Note that because of the speed increase, verbose now defaults to FALSE, which can be altered for a model with the new setverbose function after forming the model. The default optimizer is still the R based nlminb function, but new optimizers using the package roptim have also been implemented:

Comparison between the default (left) and C++ based optimizer in psychonetrics 0.7.

These optimizers are still somewhat unstable however, especially in the more complicated psychonetrics models. To this end, please use these with care for the moment.

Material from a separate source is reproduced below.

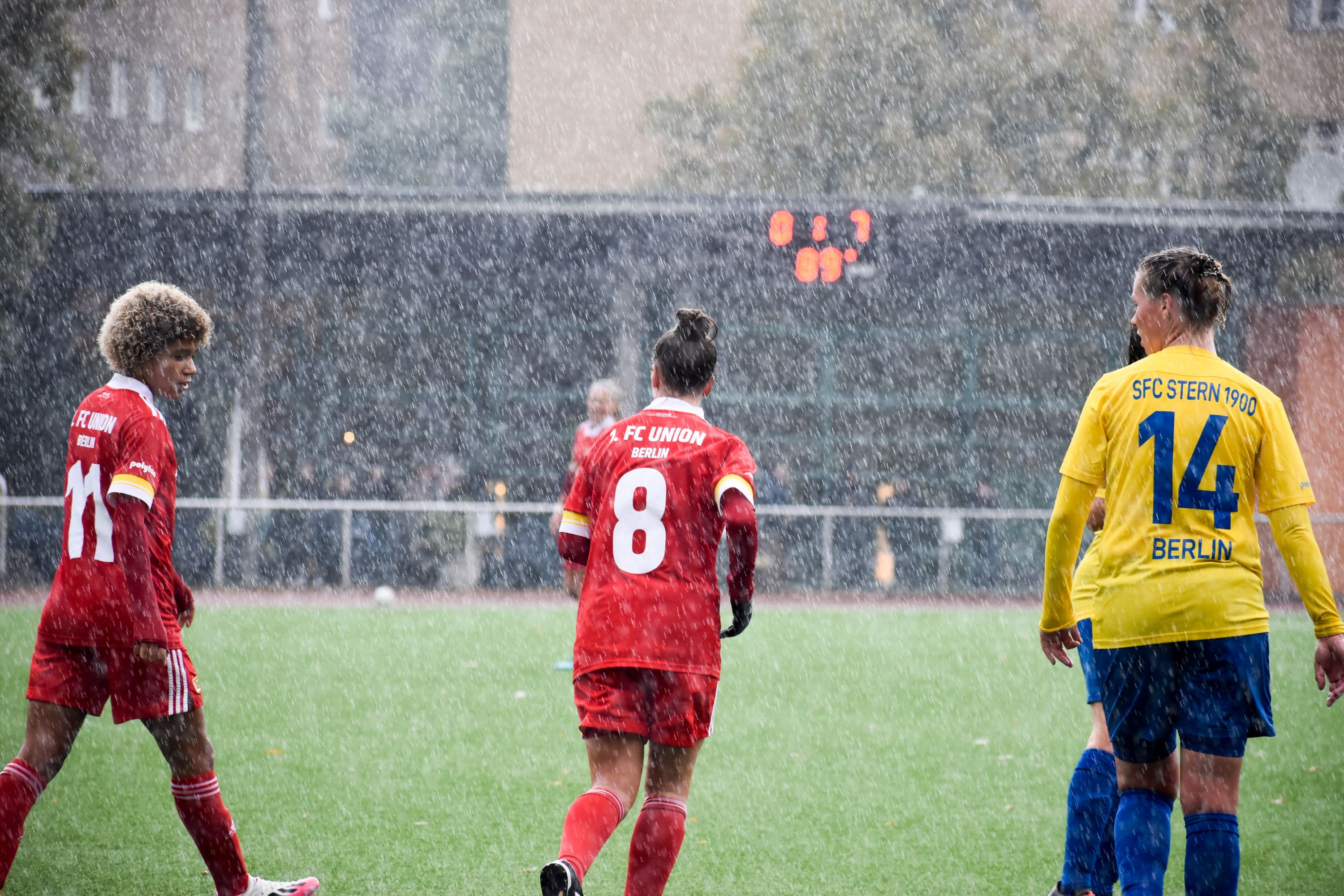 Am fünften Spieltag empfängt Stern 1900 unsere Eisernen Ladies auf dem Kunstrasen in der Kreuznacher Straße. Das regnerische Wetter lädt zum Flachpassspiel ein und erzeugt von Beginn an eine kämpferische Atmosphäre. Nach der knappen 2:3-Niederlage Sterns gegen den Top-Favoriten Viktoria Berlin im Pokal musste diese Mannschaft von Beginn an ernst bespielt und die Räume defensiv verdichtet werden. Bereits nach vier Minuten taucht Elisa Spolaczyk zweimal gefährlich vor dem gegnerischen Tor auf. Sie trifft nach einer Vorlage von Lisa Heiseler in der zweiten Situation zum 1:0. Zuvor wird der Angriff aus der Viererkette heraus solide über Josephine Ahlswede, Marta Schrey und Josephine Bonsu aufgebaut. Ein Gemeinschaftsprojekt, welches zwei Minuten später erneut zum Erfolg führte. Josephine Bonsu dribbelt im 1 gegen 1 außen an allen Gegnerinnen vorbei und bringt die Hereingabe in die Box so gefährlich, dass eine Spielerin von Stern den Ball selber zum 2:0 einnetzt.

Meta-analysis methods in psychonetrics

Together with Adela Isvoranu and Mike Cheung, we extended meta-analytic SEM to be used in estimating Gaussian graphical models (GGM). We call this framework meta-analytic Gaussian network aggregation (MAGNA) and describe it in our new pre-print, which has been submitted for publication in Psychometrika. The pre-print features an extensive overview of functionality in psychonetrics. First, the pre-print discusses the motor behind psychonetrics which is used in every model framework:

The method in which psychonetrics computes the Gradient for every implemented model.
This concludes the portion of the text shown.